VLADIMIR ILITCH OULIANOV, DIT LÉNINE


1. De l'enfance à la relégation en Sibérie (1870-1900)
1.1. Premiers écrits politiques
1.2. L'Union de lutte pour la libération de la classe ouvrière
1.3. Déporté en Sibérie (1897-1900)
2. L'instauration du bolchevisme (1900-1905)
2.1. L'exil et la création de l'Iskra
2.2. Scission entre bolcheviks et mencheviks
3. La clarification révolutionnaire (1905-1912)
3.1. Le principe du centralisme bureaucratique
3.2. Lénine à Paris (1908-1912)
4. La révolution en marche (1912-1917)
4.1. Rupture définive entre bolcheviks et mencheviks
4.2. « La guerre est le plus beau cadeau fait à la révolution » (Lénine, 1914)
L'appel à la paix
Le contexte russe
5. La prise du pouvoir (1917)
5.1. Les Thèses d'avril
Ralliement bolchevik au Gouvernement provisoire
Retour de Lénine en Russie
5.2. Derniers obstacles avant l'insurrection
5.3. L'insurrection
6. De Brest-Litovsk au communisme de guerre (1917-1921)
6.1. Le traité de Brest-Litovsk
6.2. L'Internationale communiste
6.3. La guerre civile et la terreur (1918-1920)
6.4. Le communisme de guerre
7. La NEP et le renforcement de l'appareil (1921)
7.1. L'insurrection de Kronchtadt
7.2. La nouvelle politique économique (NEP)
7.3. Tensions au sein et autour du parti
7.4. Face aux revendications nationales
8. Les dernières années (1922-1924)
8.1. Le testament de Lénine
Extrait du « testament de Lénine »
9. Lénine fondateur du bolchevisme
9.1. L'État
9.2. Le parti
9.3. Léninisme et marxisme
Voir plus
Vladimir Ilitch Oulianov, dit Lénine

Cet article fait partie du dossier consacré à la Première Guerre mondiale.
Révolutionnaire et homme d'État russe (Simbirsk 1870-Gorki, près de Moscou, 1924).
Portrait et citation de LéninePortrait et citation de Lénine
Nourri des écrits de Karl Marx, Lénine proclama la nécessité d'une révolution socialiste en Russie. Doué d'un exceptionnel sens tactique, il sortit victorieux de toutes les luttes d'influences et, en 1917, engagea son pays dans un mouvement qui devait changer la face du monde.
Origines et formation
Issu d'une famille prospère et progressiste, lisant, adolescent, les grands démocrates russes Herzen et Tchernychevski, Vladimir Ilitch s'engage dans le mouvement révolutionnaire aussitôt après la mort de son frère aîné Aleksandr, exécuté pour avoir comploté contre le tsar Alexandre III. Exclu de l'université de Kazan où il suivait des études de droit, il adhère, dès cette époque à la pensée de Marx.
L'exil
Au retour d'un séjour en Suisse, où il rencontre le socialiste Plekhanov, il fonde en 1895 l'Union de lutte pour la libération de la classe ouvrière.
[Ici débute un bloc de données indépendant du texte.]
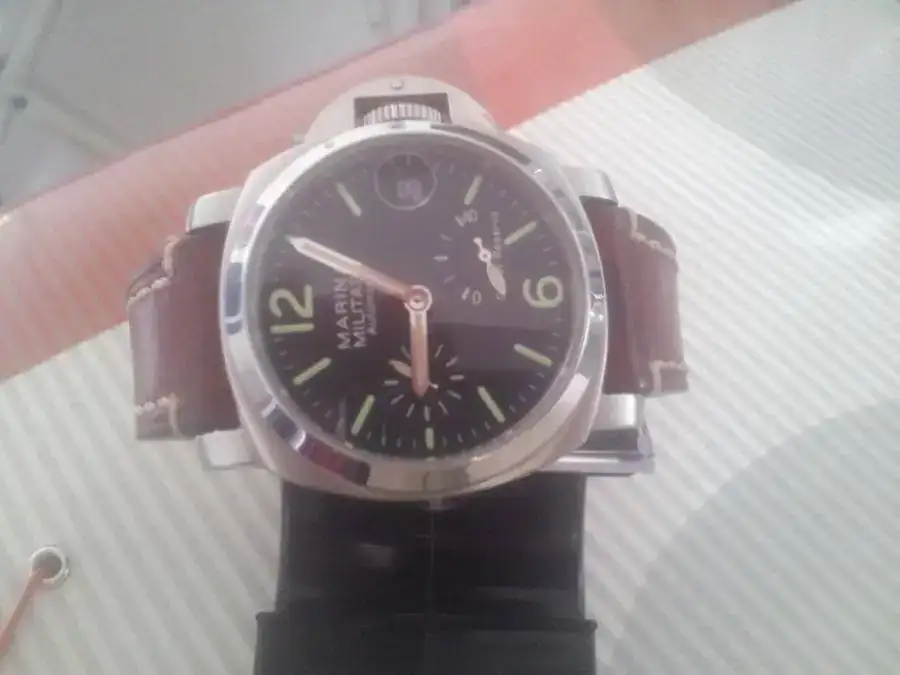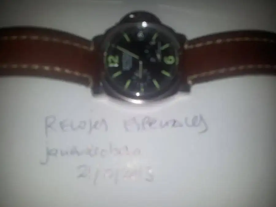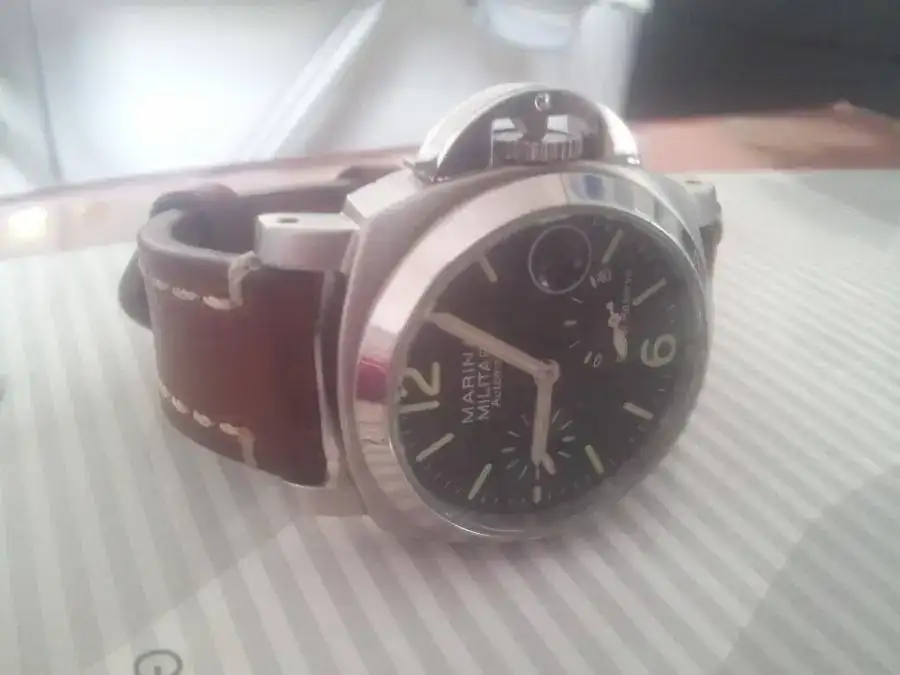 Marina Militare de 40mm, power reserve, de marcha va muy bien, en muy buen estado, solo reseñar un leve arañazo y rascada que sale del botón situado a la izquierda, el que sirve para cambiar la fecha, a la lado de la garra derecha arriba, también tiene 2 picadas, 1 microarañazo en cristal, hay que buscarlo con ganas y a contraluz, pero esta. Estos desperfectos apenas se ven pero lo menciono para evitar problemas. Prefiero ser exagerado, no como mi anterior compra que el forero vendía el reloj con grandes defectos y se los callaba ¡hay mucho listo en esta vida!, menos mal que la mayoría es gente seria.

Aussitôt arrêté, il est relégué en Sibérie pour trois ans (1897-1900), où il rédige le Développement du capitalisme en Russie (1899). Parti rejoindre Plekhanov à Munich, il y crée le journal de propagande, Iskra (« Étincelle »). Dans Que Faire ? (paru en 1902), il expose sa conception d'un parti centralisé qui doit être l'avant-garde du prolétariat et ne comprendre qu'un petit nombre de révolutionnaires professionnels. Il pousse alors à la scission du parti ouvrier social-démocrate de Russie entre une fraction blolchevique (« majoritaire ») opposée à la fraction menchevique (« minoritaire »).
L'insurrection d'octobre
Rentré clandestinement à Petrograd en avril 1917, il rédige les Thèses d'avril qui résument les trois mots d'ordre : « À bas la guerre ! À bas le gouvernement provisoire ! Tout le pouvoir aux soviets ! », et déclenche l'insurrection d'octobre (→ révolution russe de 1917).
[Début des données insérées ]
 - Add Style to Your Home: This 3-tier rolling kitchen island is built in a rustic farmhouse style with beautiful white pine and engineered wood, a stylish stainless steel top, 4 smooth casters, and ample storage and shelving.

La fondation du régime soviétique
Obligé de lutter contre l'anarchie où se trouve plongée la Russie alors en proie à la guerre civile, Lénine organise le communisme de guerre et met en place un pouvoir coercitif en créant la Tcheka (la police politique) et les camps de travail (le goulag, 1919). Se consacrant à la construction du socialisme en Russie, Lénine établit une dictature reposant sur une idéologie d'État qui préconise la mobilisation des masses. En 1921, il instaure le système du parti unique, tout en admettant la nécessité, sur le plan économique d'un « repli stratégique » qui prend la forme de la NEP (Nouvelle économie politique).
Le testament de Lénine
Premier président de l'URSS (fondée en décembre 1922), Lénine, atteint d'hémiplégie, dicte une lettre (qui ne sera rendue publique qu'en 1956) dans laquelle il parle de l'avenir du parti communiste et met en garde ses camarades contre Staline, qu'il juge trop brutal.
1. De l'enfance à la relégation en Sibérie (1870-1900)

Le père de Lénine, Ilia Nikolaïevitch Oulianov (1831-1886), était inspecteur de l'enseignement primaire à Simbirsk, sur la Volga. Sa mère, Maria Aleksandrovna Blank, d'origine allemande, était fille d'un médecin de campagne, aux idées progressistes. Outre Vladimir, le ménage eut cinq enfants. Son père illustre les changements sociaux profonds intervenus dans l'Empire russe après l'abolition du servage en 1861 : sa carrière professionnelle lui a permis une réelle ascension sociale, consacrée par son anoblissement en 1876.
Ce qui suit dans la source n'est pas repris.